- Provided material:
--------

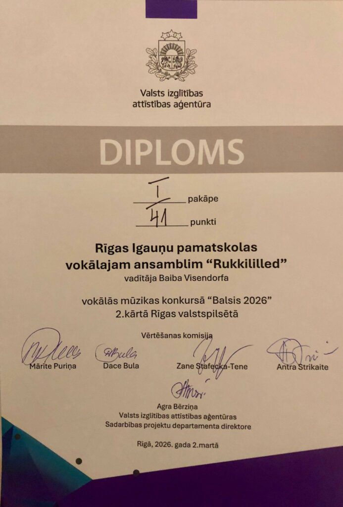 Mūsu skolas vokālais ansamblis Rukkililled 2.martā ar labiem panākumiem, iegūstot 1.pakāpes diplomu, piedalījās Rīgas vokālās mūzikas konkursa “Balsis 2026” otrajā kārtā, kas norisinājās Rīgas Skolēnu pilī.
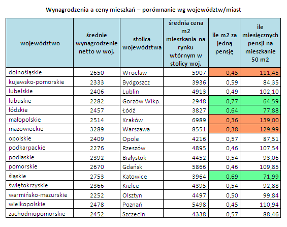 W dniu 29 listopada br. prezes Głównego Urzędu statystycznego opublikował dane nt. wysokości przeciętnego miesięcznego wynagrodzenia w województwach. Z porównania tych danych oraz publikowanych przez portal nieruchomości domy.pl średnich cen ofertowych mieszkań w stolicach województw wynika, że najkorzystniej w tym zestawieniu wypadają osoby pracujące w woj. łódzkim, śląskim i lubuskim. Za miesięczną pensję mogą kupić odpowiednio 0,64 m2, 069 m2 i 0,77 m2 mieszkania. Uzyskujący średnie wynagrodzenie w tych województwach potrzebują na zakup 50-metrowego mieszkania: w Łodzi – 78 miesięcznych pensji, w Katowicach – 72 miesięczne pensje, a w Gorzowie Wlkp. – niespełna 65 miesięcznych pensji.
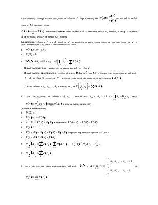 -алгебра – это класс  -множеств из бесконечного множества элементарных исходов , удовлетворяющий условиям: ,  и если событий , то и событие , или это класс -множеств, замкнутый относительно счетного числа арифметических операций.
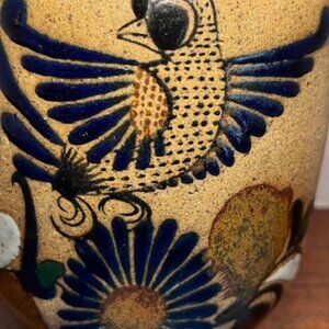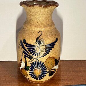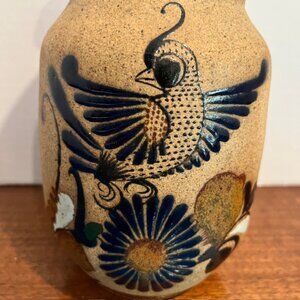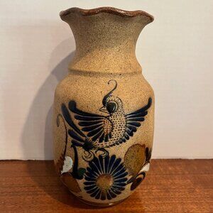 Vintage Tonala Mexican Folk Art Pottery 8" Vase with Hand Painted Bird

--------

From the first line to the last, retype the data exactly, but omit every image.

 Mūsu skolas vokālais ansamblis Rukkililled 2.martā ar labiem panākumiem, iegūstot 1.pakāpes diplomu, piedalījās Rīgas vokālās mūzikas konkursa “Balsis 2026” otrajā kārtā, kas norisinājās Rīgas Skolēnu pilī.
 W dniu 29 listopada br. prezes Głównego Urzędu statystycznego opublikował dane nt. wysokości przeciętnego miesięcznego wynagrodzenia w województwach. Z porównania tych danych oraz publikowanych przez portal nieruchomości domy.pl średnich cen ofertowych mieszkań w stolicach województw wynika, że najkorzystniej w tym zestawieniu wypadają osoby pracujące w woj. łódzkim, śląskim i lubuskim. Za miesięczną pensję mogą kupić odpowiednio 0,64 m2, 069 m2 i 0,77 m2 mieszkania. Uzyskujący średnie wynagrodzenie w tych województwach potrzebują na zakup 50-metrowego mieszkania: w Łodzi – 78 miesięcznych pensji, w Katowicach – 72 miesięczne pensje, a w Gorzowie Wlkp. – niespełna 65 miesięcznych pensji.
 -алгебра – это класс  -множеств из бесконечного множества элементарных исходов , удовлетворяющий условиям: ,  и если событий , то и событие , или это класс -множеств, замкнутый относительно счетного числа арифметических операций.
 Vintage Tonala Mexican Folk Art Pottery 8" Vase with Hand Painted Bird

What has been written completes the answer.